**TASK BRIEF:**
Exactly the lines from the line that has "Mexen Velar L" through the final line below are to be retyped, and the pictures are not.

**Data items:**
..........

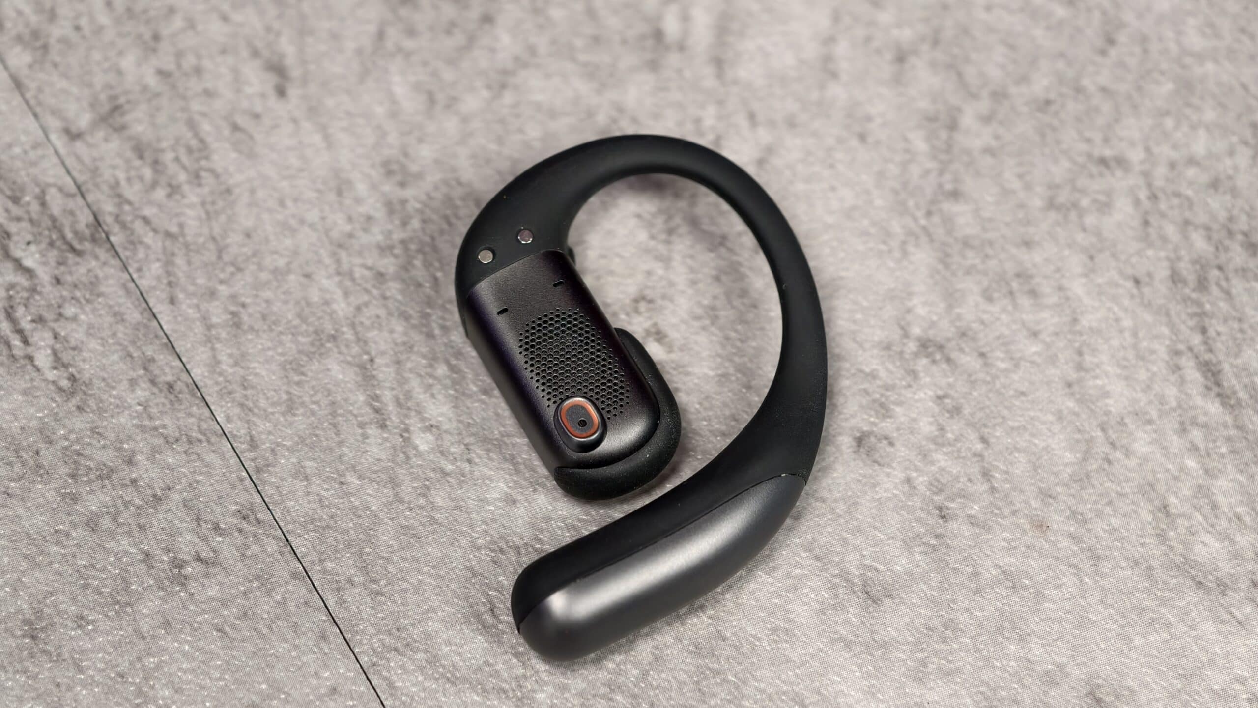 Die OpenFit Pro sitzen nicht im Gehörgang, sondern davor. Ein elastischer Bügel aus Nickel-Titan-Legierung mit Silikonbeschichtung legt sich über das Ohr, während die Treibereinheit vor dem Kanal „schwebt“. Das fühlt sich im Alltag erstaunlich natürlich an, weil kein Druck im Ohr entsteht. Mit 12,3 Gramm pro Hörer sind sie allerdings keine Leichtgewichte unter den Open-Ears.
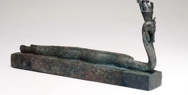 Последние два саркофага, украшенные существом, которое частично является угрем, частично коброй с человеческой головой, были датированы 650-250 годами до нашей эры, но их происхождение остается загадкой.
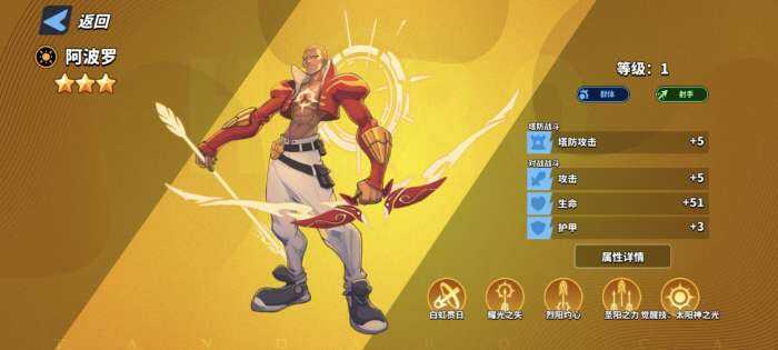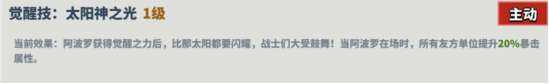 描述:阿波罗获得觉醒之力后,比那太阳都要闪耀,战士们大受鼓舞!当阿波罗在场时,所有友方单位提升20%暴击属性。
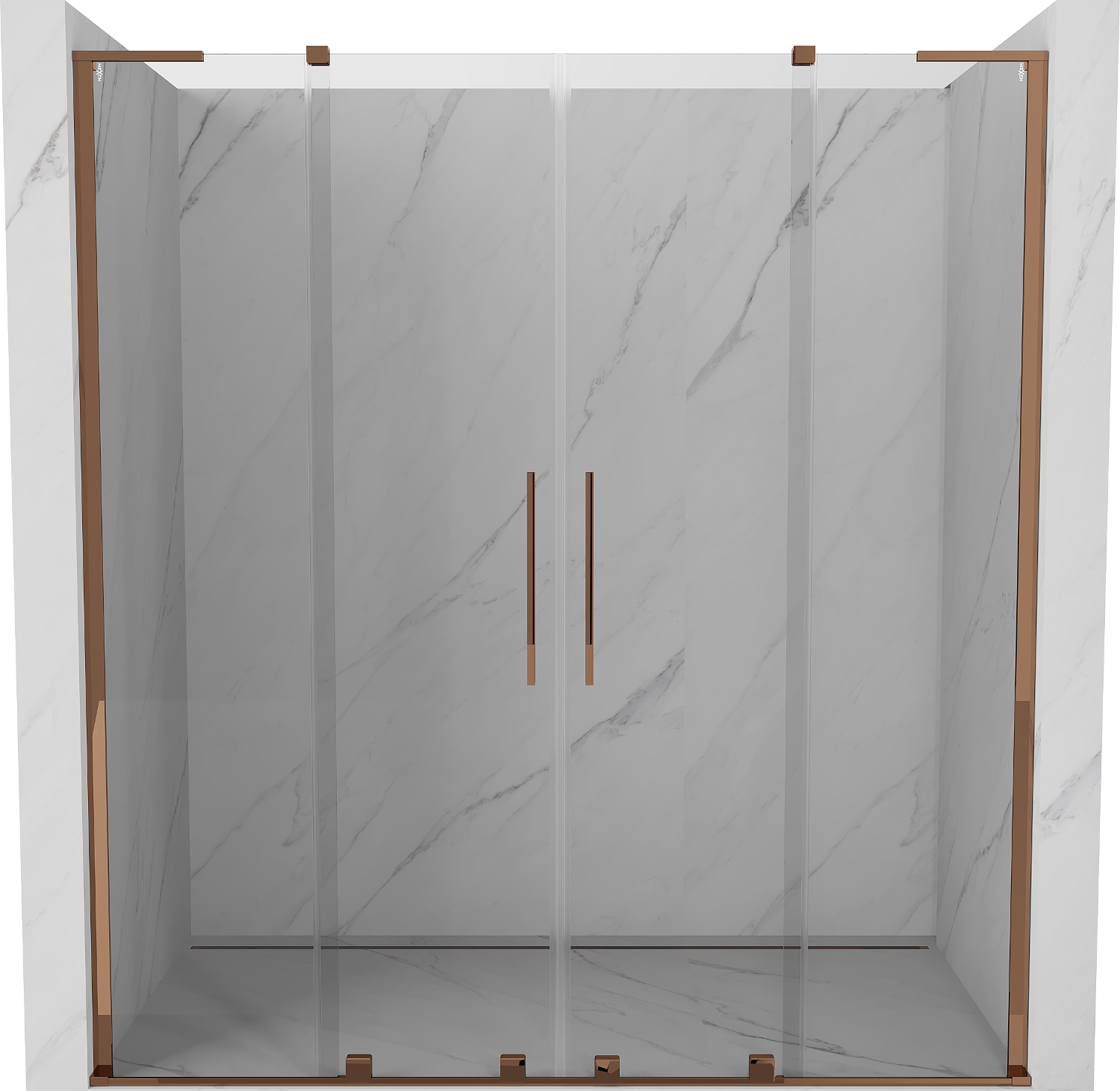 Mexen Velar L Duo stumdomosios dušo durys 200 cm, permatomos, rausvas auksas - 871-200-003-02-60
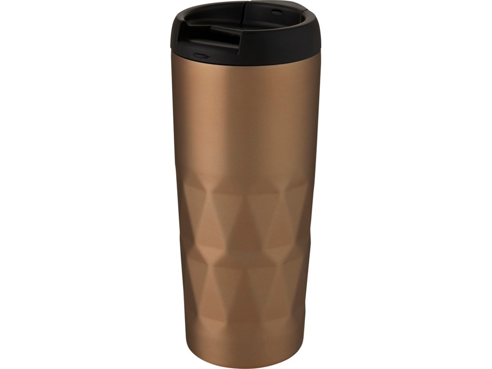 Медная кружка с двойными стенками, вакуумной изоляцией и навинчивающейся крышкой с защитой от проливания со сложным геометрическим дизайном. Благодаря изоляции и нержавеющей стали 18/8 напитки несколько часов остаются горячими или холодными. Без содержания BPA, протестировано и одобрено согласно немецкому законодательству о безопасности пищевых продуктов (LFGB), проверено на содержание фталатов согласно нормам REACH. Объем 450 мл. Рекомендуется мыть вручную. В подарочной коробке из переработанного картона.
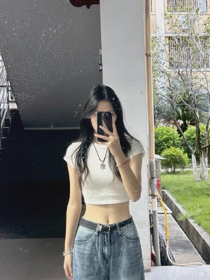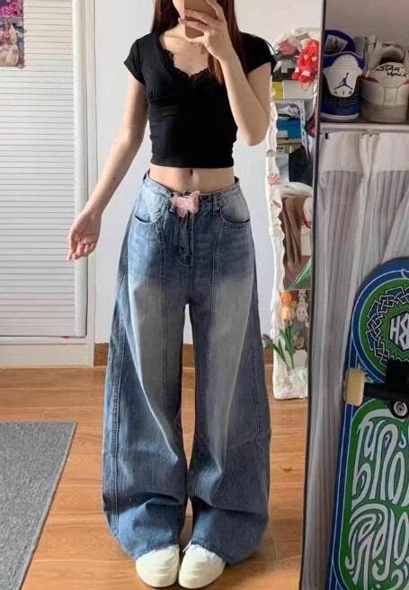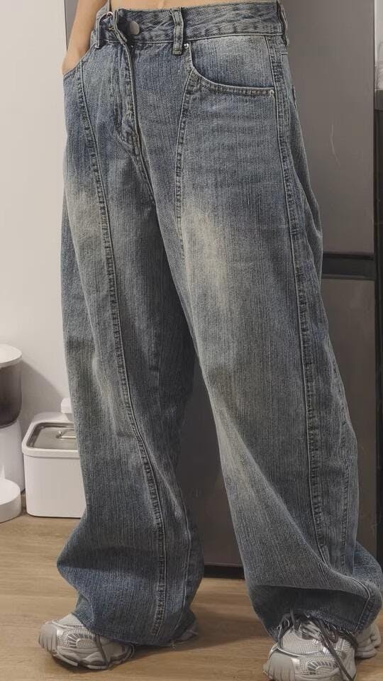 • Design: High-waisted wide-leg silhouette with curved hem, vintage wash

..........

**REPLY TO THE EXERCISE:**
 Mexen Velar L Duo stumdomosios dušo durys 200 cm, permatomos, rausvas auksas - 871-200-003-02-60
 Медная кружка с двойными стенками, вакуумной изоляцией и навинчивающейся крышкой с защитой от проливания со сложным геометрическим дизайном. Благодаря изоляции и нержавеющей стали 18/8 напитки несколько часов остаются горячими или холодными. Без содержания BPA, протестировано и одобрено согласно немецкому законодательству о безопасности пищевых продуктов (LFGB), проверено на содержание фталатов согласно нормам REACH. Объем 450 мл. Рекомендуется мыть вручную. В подарочной коробке из переработанного картона.
 • Design: High-waisted wide-leg silhouette with curved hem, vintage wash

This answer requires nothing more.